ADR (a Division of National Life of Florida Corporation) v. Bartlett E. GRAVES.
    No. 12712.
    Court of Appeal of Louisiana, First Circuit.
    July 16, 1979.
    Rehearing Denied Sept. 27, 1979.
    
      Charest Thibaut and John S. Thibaut, Jr., Baton Rouge, for plaintiff-appellant ADR (A Division of National Life of Florida Corp).
    Robert E. Harroun, III, Baton Rouge, for defendant-appellee Bartlett E. Graves.
    Before ELLIS, LOTTINGER and LEAR, JJ.
   ELLIS, Judge:

This is a suit to enforce a non-competition agreement contained in an employment contract between plaintiff, ADR, a division of National Life of Florida Corporation, and defendant, Bartlett E. Graves. Specifically, plaintiff seeks to enjoin defendant from engaging in business in competition with it for a period of 12 months after September 5, 1978. From a judgment dismissing its suit, plaintiff has appealed.

ADR is engaged in the business of serving as a management-consultant to automobile dealerships in the fields of automobile finance and credit life insurance. Its services are designed to assist the dealer in financing more sales through the dealership, as opposed to outside sources of financing; in writing more credit life insurance and health and accident insurance covering the purchases of the automobiles; and in processing insurance claims.

In September, 1973, ADR employed Mr. Graves, and gave him training in its business. In May, 1974, he was made District Manager for the southern half of Louisiana, the Parish of Orleans excepted. Mr. Graves remained employed in that capacity but with changing territories, until August 28, 1978, when he sent a letter of resignation to plaintiff. The letter was received by ADR on September 5, 1978.

At some time in 1978, Mr. Graves decided to leave ADR and go into business for himself. In July, 1978, he began looking for an insurance company with which he could place the business which he generated. During the month of August, while still in the employ of plaintiff, he told his various clients that he was leaving ADR to set up his own firm, and solicited their business. Of the 38 accounts he was handling, 37 transferred their business to defendant after he resigned.

In seeking its relief, ADR relies on a contract of employment entered into on October 27,1976, which contains the following relevant provisions:

“RESTRICTIVE COVENANTS. Upon the termination of his employment, whether by termination of this agreement, by wrongful discharge, or otherwise, the Employee shall not for a period of 12 months after the termination of this agreement, directly or indirectly, within any of the restricted territories specified in the schedule attached hereto, enter into or engage in the sale or solicitation of credit life and accident and health insurance business generated from automobile dealerships or agencies or otherwise engage in the automobile credit life and accident and health or as a partner or joint venturer, or as an Employee, agent or salesman for any person, or as an officer, director or shareholder of a corporation, or otherwise. This covenant on the part of the Employee shall be construed as an agreement independent of any other provision in this agreement; and the existence of any claim or cause of action of the Employee against the Company, whether predicated on this agreement or otherwise, shall not constitute a defense to the enforcement by the Company of this covenant.”
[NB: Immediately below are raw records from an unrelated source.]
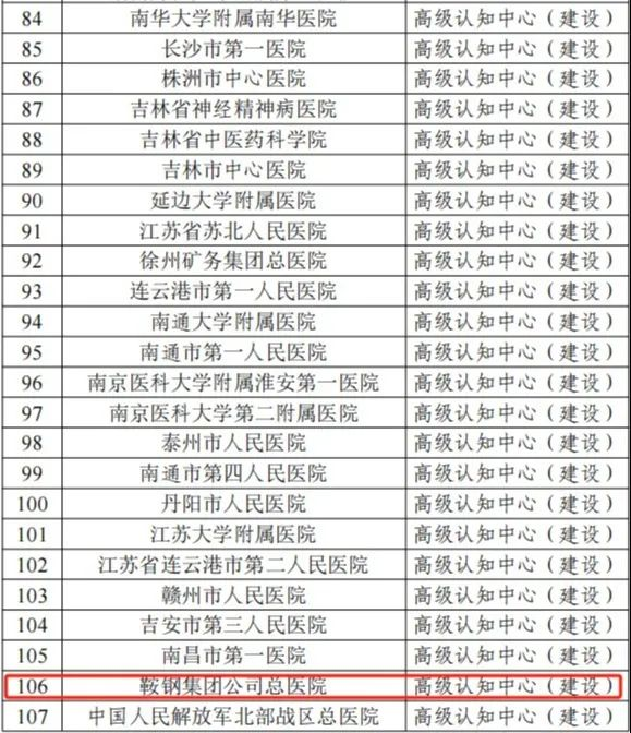 近日,国家卫生健康委能力建设和继续教育中心发布了《高级认知障碍诊疗中心和记忆障碍防治中心》遴选结果。全国共有406家单位入围,辽宁省共有7家单位被评为高级认知障碍诊疗中心(建设),有7家单位被评为记忆障碍防治中心(建设)。鞍钢集团公司总医院成为鞍山市唯一一家获批国家高级认知障碍诊疗中心(建设)单位。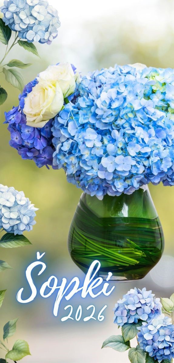 22,5 x 54 cm, zidni kalendar od 13 stranica sa fotografijama buketa. Obilježeni mjeseci, slovenski praznici i imena.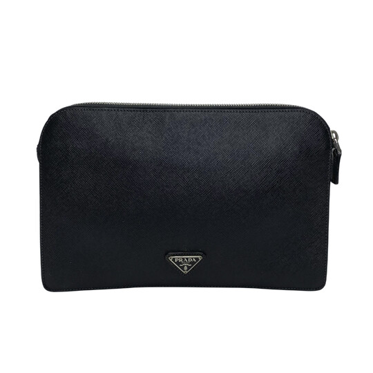 Porta-Documentos Prada confeccionado em couro saffiano na cor preta. O modelo de tamanho grande traz um bolso externo, outro interno, ferragens prateadas e fechamento principal por zíper. Plaquinha com logo da marca na parte frontal.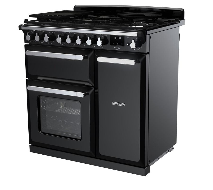 Product Name : | Rangemaster ESDL90DFPGBL/CM1 90cm Wide Dual Fuel Range Cooker - Gloss Black / Chrome - A Rated |

The contract also provides that it shall be construed under the laws of North Carolina. In rendering his decision the trial judge applied the law of Louisiana, and plaintiff now complains that the case should have been decided under North Carolina law.

Parties are free to contract as to the law applicable to their agreements, and such stipulations will be given effect in the courts of another state unless there are legal or “strong public policy considerations justifying the refusal to honor the contract as written.” Davis v. Humble Oil & Refining Company, 283 So.2d 783, 794 (La.App. 1st Cir. 1973).

In this case, such a strong public policy exists, as expressed in the provisions of R.S. 23:921. Since the defendant is a Louisiana resident, and the contract was intended to be executed in this state, we find that Louisiana law should be applied.

R.S. 23:921 provides:

“No employer shall require or direct any employee to enter into any contract whereby the employee agrees not to engage in any competing business for himself, or as the employee of another, upon the termination of his contract of employment with such employer, and all such contracts, or provisions thereof containing such agreement shall be null and unenforceable in any court, provided that in those cases where the employer incurs an expense in the training of the employee or incurs an expense in the advertisement of the business that the employer is engaged in, then in that event it shall be permissible for the employer and employee to enter into a voluntary contract and agreement whereby the employee is permitted to agree and bind himself that at the termination of his or her employment that said employee will not enter into the same business that employer is engaged over the same route or in the same territory for a period of two years.”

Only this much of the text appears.